What’s Time Value Again?
Before we dive into staking, we need to review the concept of Time Value. Time value represents the value of an asset over its lifetime. For example, a house could have a life-time value of 50 years, before it collapses (absent any maintenance). Or, the subscription of a software license for one year has a life-time value of one year. The price you pay for your asset today, is theoretically the sum of that asset’s value over its lifetime.
Staking the Normal Way
Now, let’s apply this time value principal and see how most staking protocols utilize time value of tokens. Typically, a holder chooses to deposit their tokens for a period of time with a miner or other staking service, and they earn a reward over this period of time. Let’s assume a holder wants to stake for 3 months. By depositing their entire token for the 3 months of rewards, they have put their entire token’s time value into the 3 month time period.
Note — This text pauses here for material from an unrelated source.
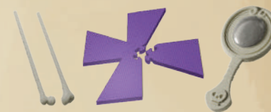
2 КОСТЯНЫЕ ПАЛОЧКИ, 1 СТЕНД ЛЕВИТАЦИИ, 1 ЛОРНЕТ ДУХОВИДЦА

What are the downsides? First, the full coin’s value has been committed to what is a slice-of-time utilization. Second, the holder is also risking their entire token should their staking counter party prove to be a bad actor.
Staking the Fusion Way
Now let’s look at this same example, but using Fusion’s TPOS consensus. The first step is to slice the asset across time, creating a front-end time slice corresponding to the deposit, which is 3 months. This time slice is then used to purchase staking tickets, which can be thought of as a lottery ticket that gives winners right to earn a staking reward. To emphasize: only the front-end value of the token is utilized and risked in return for staking rewards. Through this mechanism, there is now a one-to-one correlation between time utilization and time value.
What about that Back-End?
There’s even better news. We haven’t yet talked about the back-end time slice of the token and the benefits having access to a back-end value brings to a token holder.
In our example the back-end time slice is the value of the token after 3 months, that is from month 4 and onwards. As time passes, this back-end time value gets closer and closer to the full value of a token. After 3 months, the token automatically becomes a “full” or “spot” token. No coding is nor extra holder action is required for this to happen. The holder has automatically received this full-token value, with no risk, simply by waiting.
Sounds good, but certainly, we can do better. The holder doesn’t have to wait 3 months to monetize this value — this back-end time slice can be exchanged today. The value is traded in traditional and crypto financial markets today, through an instrument known as futures or forwards and the values are easily calculated as the token value today plus the cost of carry. In other words, the back-end time slice gives the token holder instant liquidity at a known value in an industry that is always looking for future supply.
As market sophistication increases, it is only a matter time before we see value exchange in future staking tickets, in the form of future time locks, further helping the industry efficiently unlock token value.
The Fusion Advantage
To recap, the advantages of Fusion’s time-lock staking are 3 fold:
1) Efficiently using only the time-value needed for staking
2) Protecting the token holder by risking only the front-end value
3) Granting liquidity and value exchange for the non-staked portion of the token’s time value.
We are excited to lead the industry on extracting time value and will be extending time lock to other tokens using our interoperability protocol.